FRANKFURT (Reuters) – Manufacturing is expected to drive a rebound in German economic growth in the fourth quarter after several lackluster months, Germany’s central bank said in a monthly report on Monday.
With sentiment improving and new orders rising, employment growth is expected to continue, boosting the euro zone’s biggest economy after several relatively modest quarters, the Bundesbank said.
“In the last quarter of 2016, growth in the Germany economy is likely to be significantly stronger after the temporary slowdown in the summer,” it added.
“Sentiment in the economy has improved considerably. This is particularly the case in manufacturing, where capacity utilization has continued to rise significantly and new orders are up.”

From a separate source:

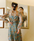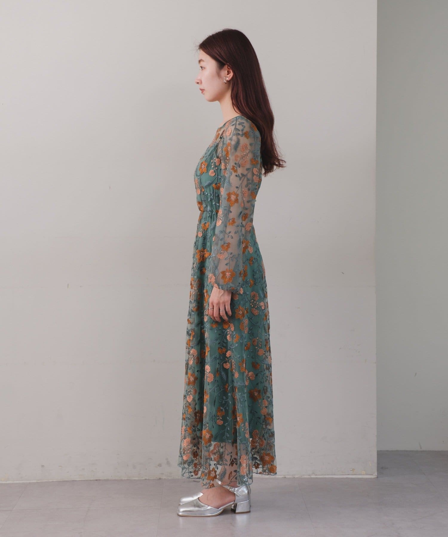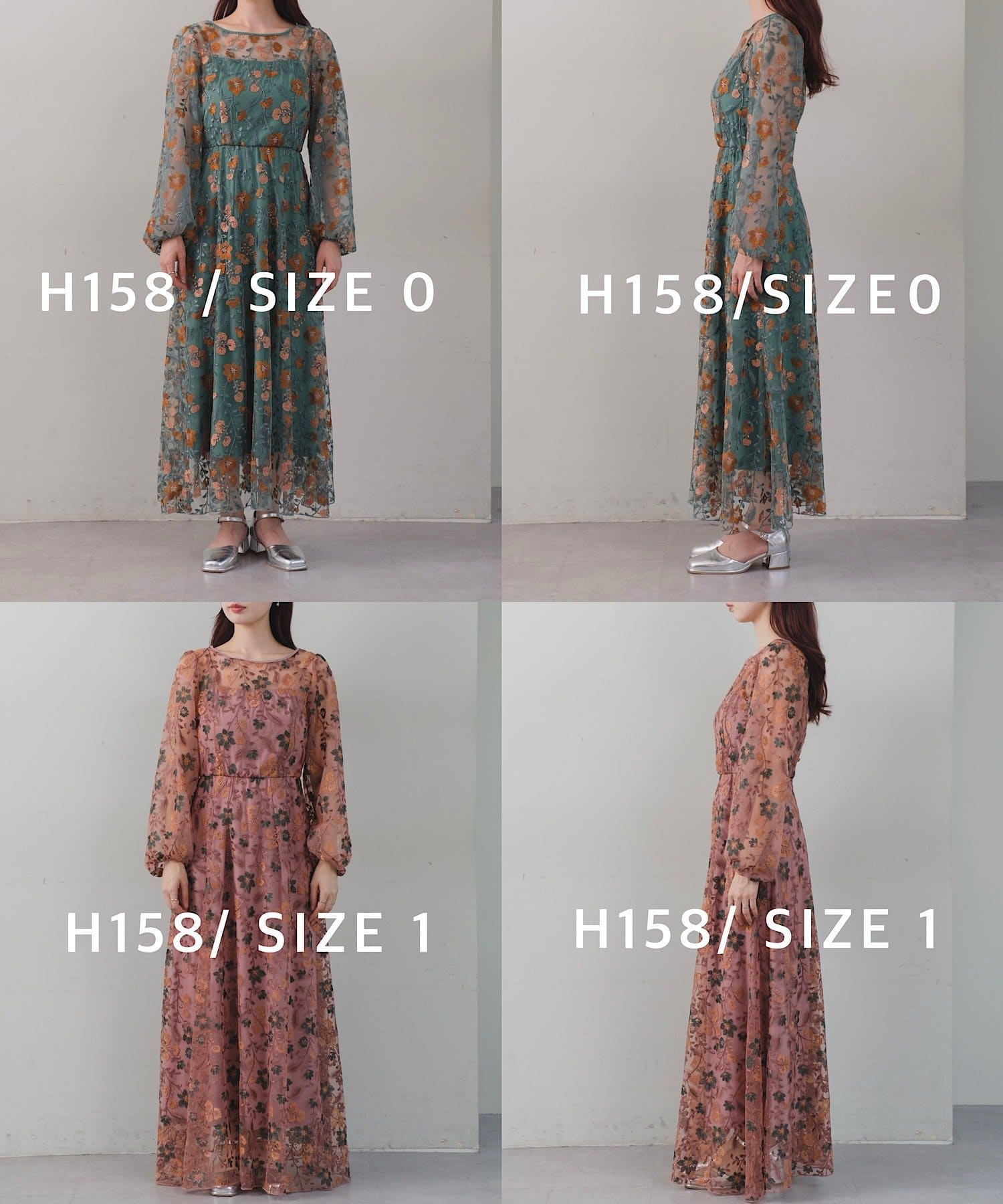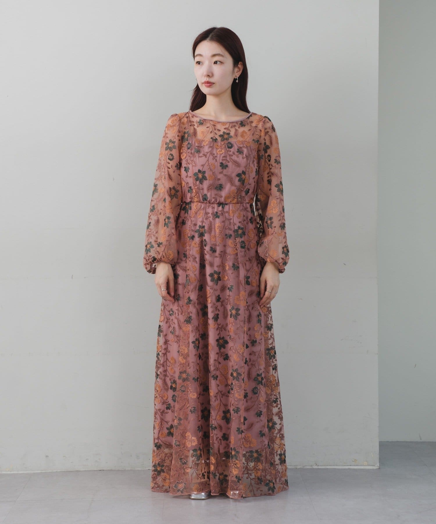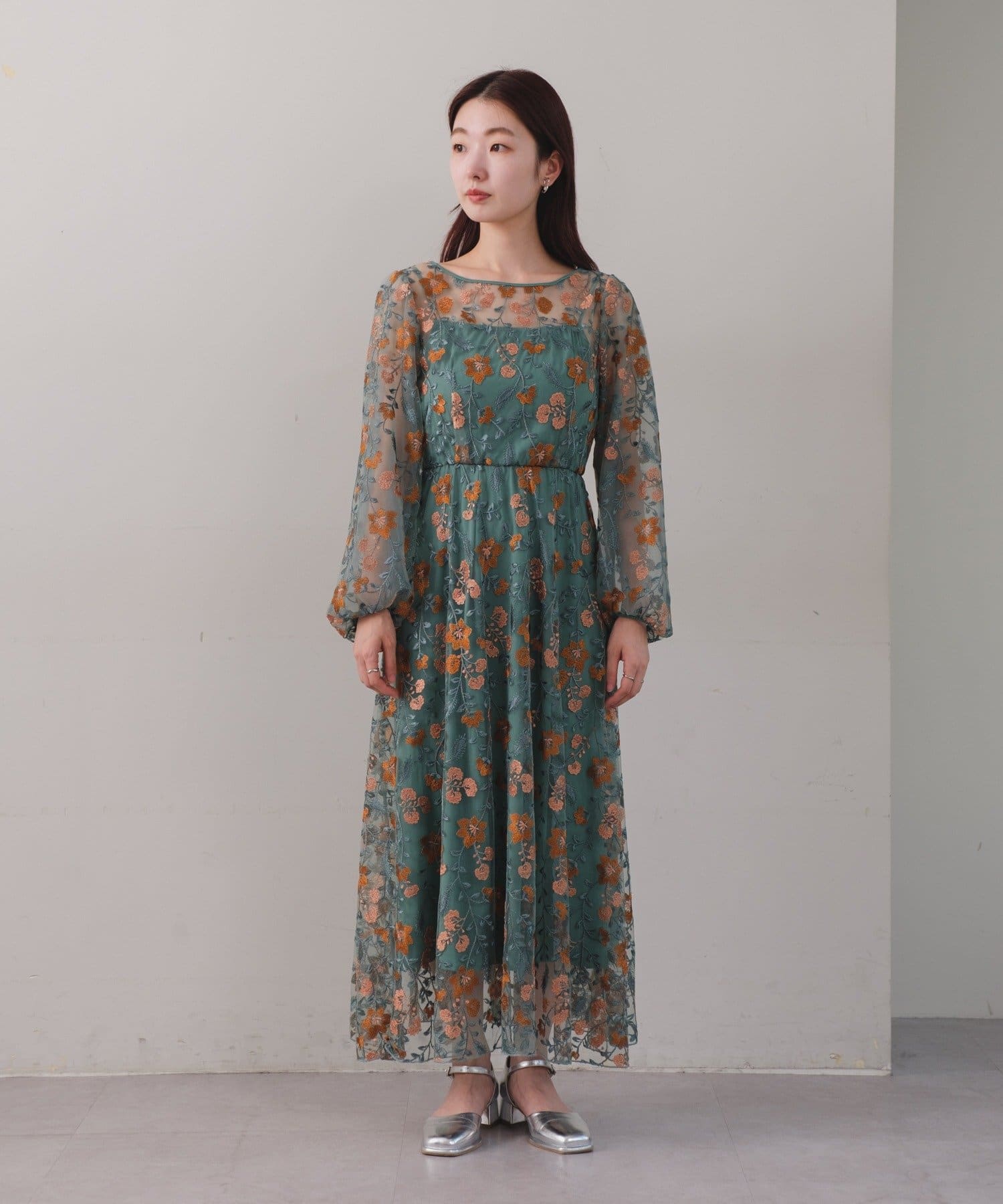 【WEB限定/2サイズ展開/裏地付き】シアーと花柄デザインが魅力のオーガンジードレス

German growth slowed to a quarterly 0.2 percent in the third quarter from 0.4 percent three months earlier and 0.7 percent in the first quarter, putting growth at half the European Union’s 0.4 percent pace.
The Bundesbank was upbeat, however, arguing that the foundations of growth remained intact.
Germany’s government raised its 2016 growth forecast to 1.8 percent from 1.7 percent last month, forecasting the strongest rate of expansion in half a decade, on robust consumption and increased spending on refugees.
But growth will then slow to 1.4 percent next year, the government predicted, reflecting in part weaker global trade and the expected fallout from Britain’s decision to leave the European Union.
The Bundesbank said prospects for employment had nevertheless improved significantly and that registered unemployment is likely to decline in the coming months.